Don Kişot Romanında Sancho Panza Olmak

Tuhfe Toçoğlu Akgül
3 dakika
-+=

Biraz eli kalem tutmuş, biraz mürekkep yalamış birçok insan Donkişot dendiğinde bir şeyler söyleyebilir. En azından ben böyle düşünmek istiyorum. Peki herkesin bir fikri varsa ben ne diyeceğim? Aslında genel yargıların dışında bir şeye dikkat çekmek istiyorum. Don Kişot’un yardımcısı olan Sancho Panza olmasaydı roman türünün başlangıcı olan bu yapıt bu kadar önemli bir yere sahip olmazdı ya da başka bir değişle ikincil kahraman Sancho Panza en az baş kahraman Don Kişot kadar değerli ve gerekli. 
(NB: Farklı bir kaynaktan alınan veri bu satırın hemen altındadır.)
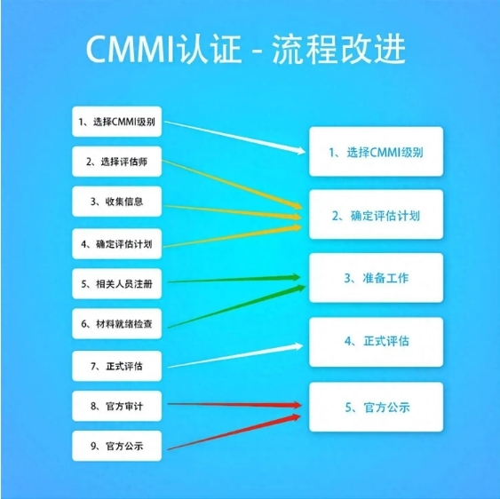 选择CMMI级别——确定评估计划——准备工作——正式评估——官方公示。

Ortaya attığım bu düşünceyi kanıtlamak için öncelikle roman hakkında genel bilgileri biraz özetleyebilirim. Don Kişot, Cervantes’in ilk kitabını 1605 yılında yayımladığı ikinci kitabını ise 1615 yılında yayımladığı şövalye hikayelerinden etkilenen, bir baş kahramanın başından geçen bir serüvenin romanı. Yardımcısı ise Sancho Panza. İki karakteri de şöyle internetten biraz aratırsanız genel olarak onlarla ilgili aynı şeylerin tekrarlandığını görürsünüz. Ortak noktaları Donkişot hayalperest ve soylu; Sancho Panza ise kurnaz bir köylü. Şimdi kurnaz bir köylünün ben nesini anlatacağım dersiniz? Tabii ki onun öyle olmadığını. Kimin bakış açısından kurnaz olarak anlaşılmış ki…
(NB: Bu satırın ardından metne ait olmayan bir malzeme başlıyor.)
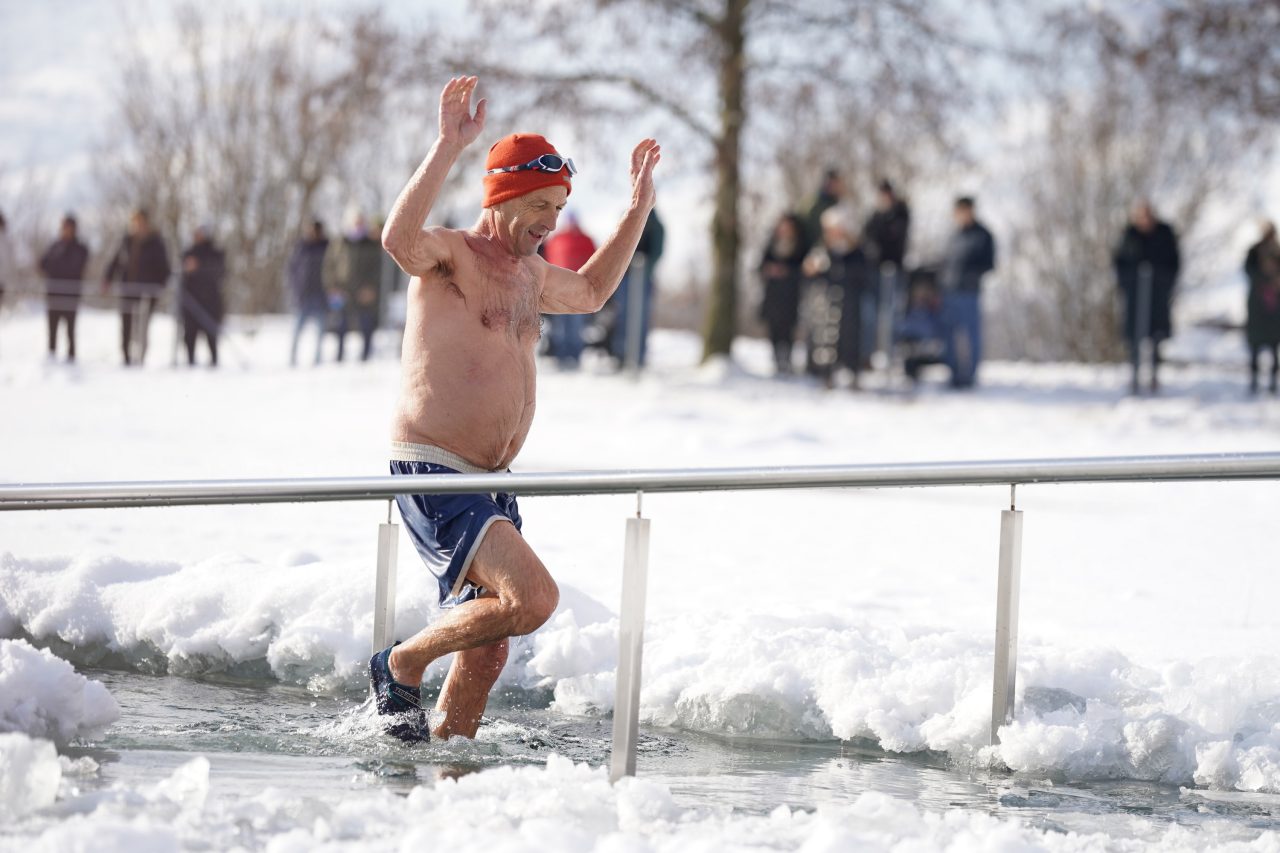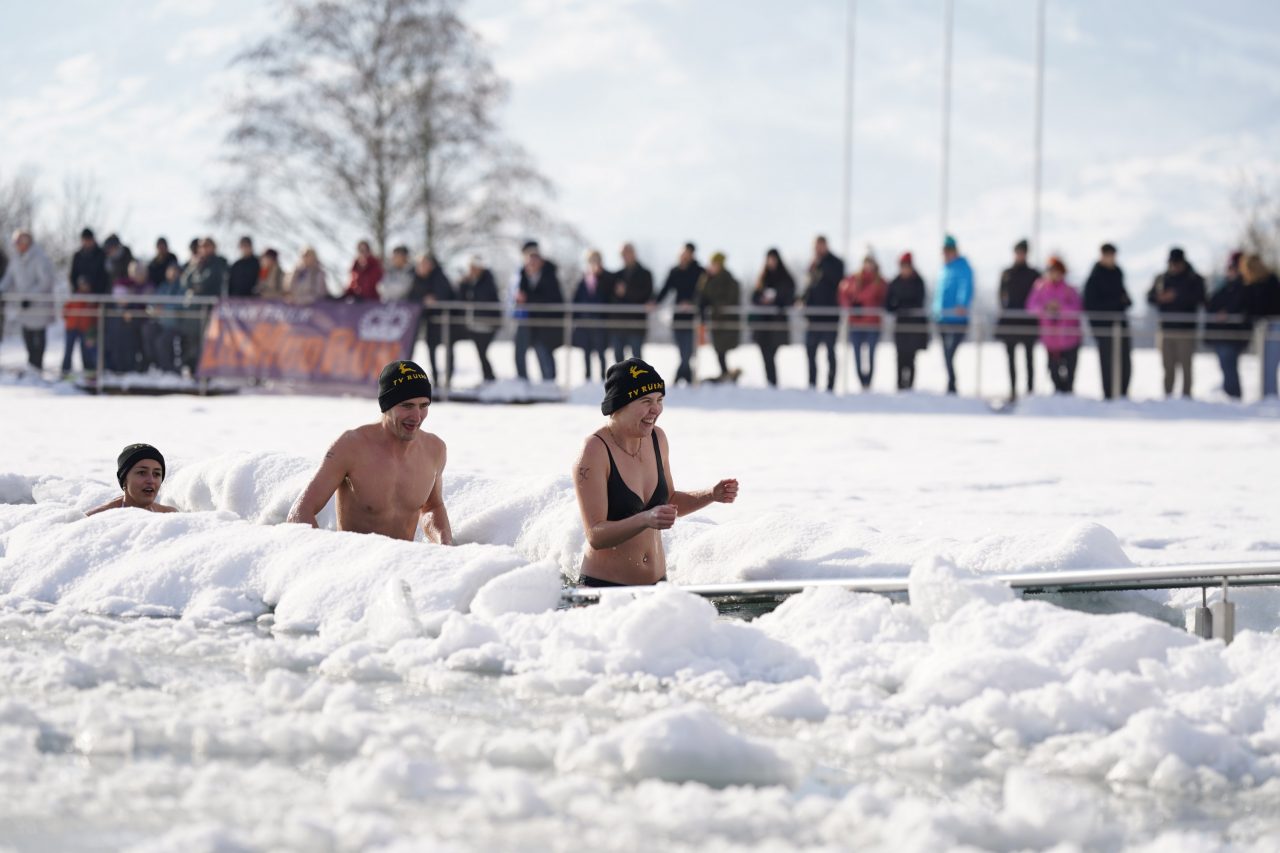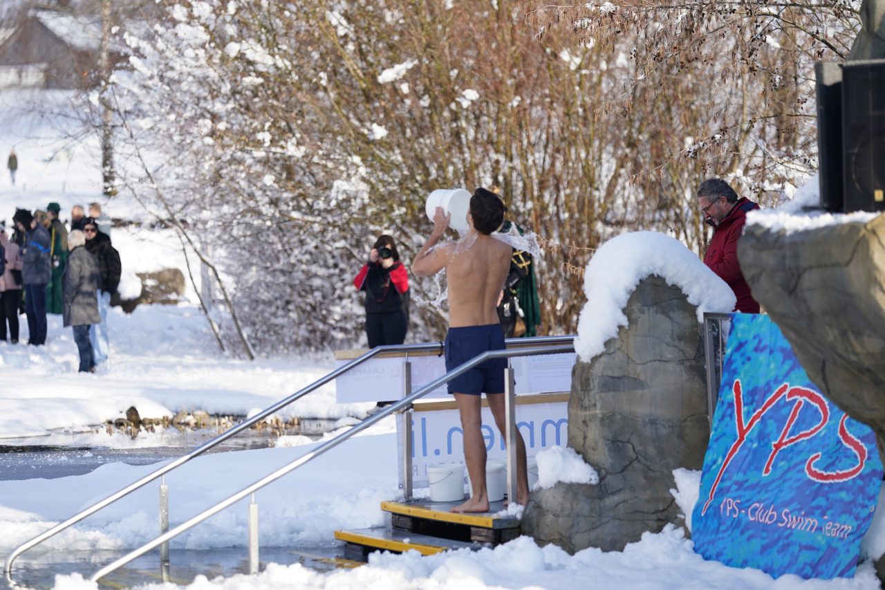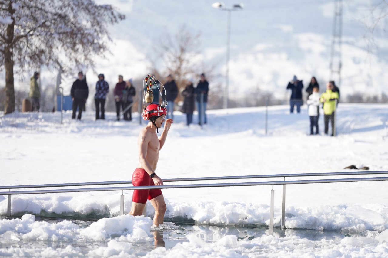 In der Nacht hatte es noch kräftig geschneit, was der Landschaft ein märchenhaftes Winterkleid verlieh. Doch pünktlich zum Start am Mittag zeigte sich das Wetter von seiner besten Seite: Strahlend blauer Himmel und Sonnenschein sorgten für perfekte Rahmenbedingungen – zumindest über Wasser. Im Wasser hingegen wartete eine echte Herausforderung: Bei einer Temperatur von nur 3,5 Grad erforderte der Sprung in die Grossabündt viel Überwindung.

Don Kişot’a, bir söz karşılığı yardım etmesinden mi, yoksa belli bir süre sonra Don Kişot’un gördüklerinin aslında doğru olmadığını ifade etmekten yorulup Donkişot’un dediklerini kabul etmesinden mi bilinmez… Ama bana kalırsa Sancho Panza’nın en önemli özelliği hep doğruyu söylemesi. Bu doğruyu söylemesine örnek vermek gerekirse herkes tarafından bilinen yel değirmenleri olayını verebilirim. Kendini şövalye zanneden Don Kişot yel değirmenlerini dev olarak görür ve saldırır. Bunu gören Sancho Panza ise onların devler değil yel değirmenleri olduğunu ifade etse de Don Kişot’u ikna edemez. Kısacası kral çıplak görmüyor musun diyen kişidir aslında Sancho Panza ve bu roman boyunca devam eder. Hatta Don Kişot’un dediklerinin doğru olabileceğini düşünürken bile doğruyu söyler, nasıl mı? Don Kişot karşıdan gelen koyun sürüsünü düşman ordusu olarak algılar ve ordunun başında da Serendib Adasının hükümdarı Alifanfaron var der. Sancho Panza ise Don Kişot’un geldiğini söylediği devleri ve şövalyeleri en azından kendinin göremediğini iletir. Sancho hâlâ kendinin göremediğini ifade etmekten çekinmez çünkü o doğruyu söyleyendir. Daha sonra şövalye hikayeleri kurgusu gereği Don Kişot’un zihninde yarattığı sevgilisi olan Dulcinea’yı bulmaları şarttır. Sancho ilk gördükleri köylü kızının aradıkları sevgili olduğunu söylemesi genellikle Sancho’nun düzenbaz biri olmasıyla ilişkilendirilir, ama Sancho’nun ifade ettiği bu köylü kızını, sadece Don Kişot’un dünyasındaki eksik parçanın tamamlaması için söylediği bellidir. Sancho’nun kendisi de pekâlâ bu kızın aradıkları prenses olmadığını bilmektedir. Sancho artık gerçeği sadece kendine saklamaya başlamıştır önemli olan efendisi olan Don Kişot’un saf mutluluğudur. 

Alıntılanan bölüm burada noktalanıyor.